Bodybuilding meal prep means preparing a healthy meal in advance for the days ahead. Having your meals prepared in advance is very convenient for people with very tight schedules. Efficient meal prepping helps a bodybuilder in many ways, let's discuss how can this help you.
It saves time, ensures proper calorie intake for effective muscle growth, reduces meal portion sizes, and can help track food shopping budgets. Meal prep also helps us avoid taking meals from unhealthy sources. Having pre-prepared meals enables a muscle-builder to pay much more concentration on gym workouts to gain muscle.
Why nutritional knowledge is important?
If you are on the journey of building muscle then you should have at least basic nutritional knowledge. A good understanding of muscle-building foods helps us get the best result from bodybuilding meal prepping. A perfect combination of macro and micronutrients ensures healthy meals to build muscle optimally.
Some of the basics in nutrition that you need to know are protein, carbohydrates, and fats together are known as macronutrients. Nutritional experts recommend people eat a proportion of macronutrients. Up to 55% carbohydrates, 30% protein, and 15% fats for better health benefits and optimal muscle gain.
As we know that calorie intake is an important part of gaining or losing weight. We should take into account that the daily ideal calorie intake depends on a bodybuilder's age, weight, height, and lifestyle. It ranges from 1500 to 3500 calories per day.
During a bulking phase, a muscle builder needs to add 250 to 500 calories to his daily calorie intake to boost muscle mass. However, in a cutting phase or muscle maintenance period, one has to decrease their daily calorie intake. The proper calorie count is key to effective bodybuilding meal prep.
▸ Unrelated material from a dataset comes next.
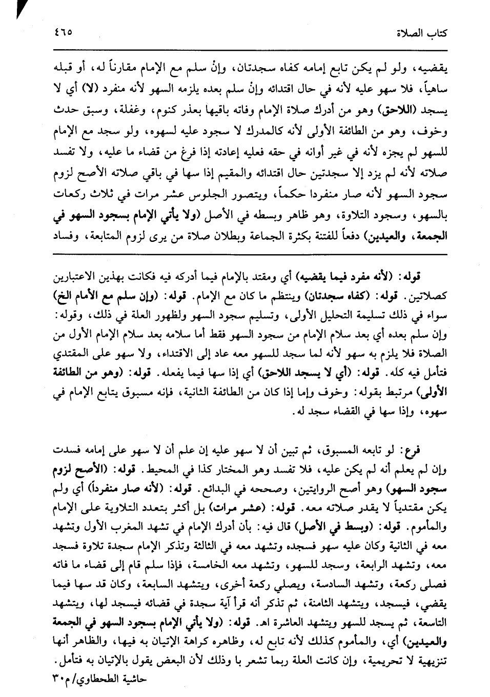 يقضيه ولو لم يكن تابع إمامه كفاه سجدتان وإن سلم مع الإمام مقرنا له أو قبله ساهيا فلا سهو عليه لأنه في حال اقتدائه وإن سلم بعده يلزمه السهو لأنه منفرد "لا" أي لا يسجد "اللاحق" وهو من أدرك أول صلاة الإمام وفاته باقيها بعذر كنوم وغفلة وسبق حدث وخوف وهو من الطائفة الأولى لأنه كالمدرك لا سجود عليه لسهوه ولو سجد مع الإمام للسهو لم يجزه لأنه في غير أوانه في حقه فعليه إعادته إذا فرغ من قضاء ما عليه ولا تفسد صلاته لأنه لم يزد إلا سجدتين حال اقتدائه. والمقيم إذا سها في باقي صلاته الأصح لزوم سجود السهو لأنه صار منفردا حكما ويتصور الجلوس عشر مرات في ثلاث ركعات بالسهو وسجود التلاوة وهو ظاهر وبسطه في الأصل "ولا يأتي الإمام بسجود. السهو في الجمعة والعيدين" دفعا للفتنة بكثرة الجماعة وبطلان صلاة من يرى لزوم المتابعة وفساد

The following step by step guide explains everything you need to learn for practical bodybuilding meal prep:
- Making a meal plan
- Selecting the right muscle building foods
- Choosing appropriate meal prep recipes
- Going grocery shopping
- Following a convenient method of meal prepping
- Cooking/preparing muscle building foods
- Storing and preserving prepared meals
- Reheating portioned meals before eating
Make a Meal Plan
A clear meal plan will help you in a variety of ways, by keeping everything organized in your meal prepping activities. When your time is limited, you can schedule things in the shortest time possible. Additionally, you can calculate your required daily calorie intake with accuracy. It also helps you determine what to eat for each meal of the day, such as breakfast, snacks, lunch and dinner.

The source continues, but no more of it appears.